第28話

過去
593
2019/03/24 11:24
壱馬side
なんで、さっき、泣いとったんのやろ。




そんな事が頭をよぎった。
そして、頭で考えるよりも先に、行動してしまった。
壱馬
な、なぁ。北人。なんで紗季泣いとったん?
北人
言っていいのかな?わかんないけど、一応言っとく。
壱馬
え、そんな深刻なことなん?
北人
んー。感じることは人それぞれだから、わかんない。
北人
あ、で。さっき、泣いてたのは·····
北人
昔の記憶が蘇ってきたんだって。
壱馬
それ、この前も言っとったな。初めてOnlyOne聞かせた時。
北人
そうだよね!
北人
何があったんだろ·····
壱馬
うーん。俺は知ってるけど
北人
けど?
壱馬
教えん方がええかな、って。ってか、言うなって、言われとったし。
北人
そっかー。
北人
俺も知りたいなぁー。
なんて、言うもんだから。俺としたことが口が滑って言っちゃった·····
壱馬
本当はダメやけど、紗季の傷が浅くなるなら·····(ボソッ)
北人
ん?
壱馬
言う!お前に、さっきの紗季のやつ。
北人
え?止められてたんじゃないの?
壱馬
そうやけど、紗季に色々あってな。
北人
うん、まぁ。教えて?
壱馬
紗季と付き合ってたときなんやけど·····
北人
うん
遡ること3年前。
(事実とは異なることがあるかもですが、暖かい目で見て頂けたらな。と思います。)
それは、武者修行のとき。



元々、ランペには紗季以外にもう1人沙羅(さら)という女子がいた。


沙羅は紗季のことが気に食わなかったらしく、俺に紗季のあるわけのない嘘を言ってきた。

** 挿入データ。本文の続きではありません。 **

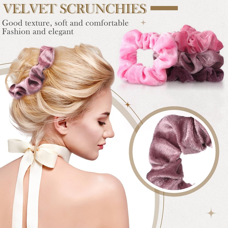 - Softer velvet material: made of velvet, good texture touches soft and comfortable, elegant and shiny appearance, the inner rubber band is stretchable and elastic, will not hurt your hair
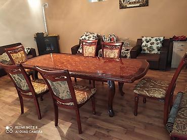 - Yemək masası və 6 ədəd stul: Küllü qəhvəyi-rəngli, oyma naxışlı massiv taxta karkas, parlaq lak örtük. Masanın üstü dekorlu, kənarları profilli; stulların arxa söykənəcəyi oyma elementli, oturacaq və söykənəcəklər klassik ornamentli parça ilə üzlənmişdir.

幼かった俺は、紗季と付き合っていたにも関わらず、そんな変な嘘を信じてしまった。


それでも、何故か2人は別れることはなかった。



そんな嘘は、やがて異なる事実だということが分かってきて、紗季の嘘をついていてその上紗季を虐めていた沙羅はグループがデビューする前に脱退。





そして、OnlyOneを初めて聞いた時。


俺らの武者修行のときのこと歌ってるみたいだね。っていうことから、何故か泣けてきたらしい。



だから、多分今回の泣いていた理由もそうなんだろう。
北人
そんなこともあったね。
壱馬
せやろ?その事、俺にしか言ってないやろうな。
北人
そうだろうね·····
紗季の1番近くにいた存在だったからっていうのもあっただろうね。
壱馬
そうなんかな。
俺、あいつのことちょっと信じなかったのに。
北人
それでも、紗季は壱馬が1番信じられる人で、1番愛した人だったんじゃない?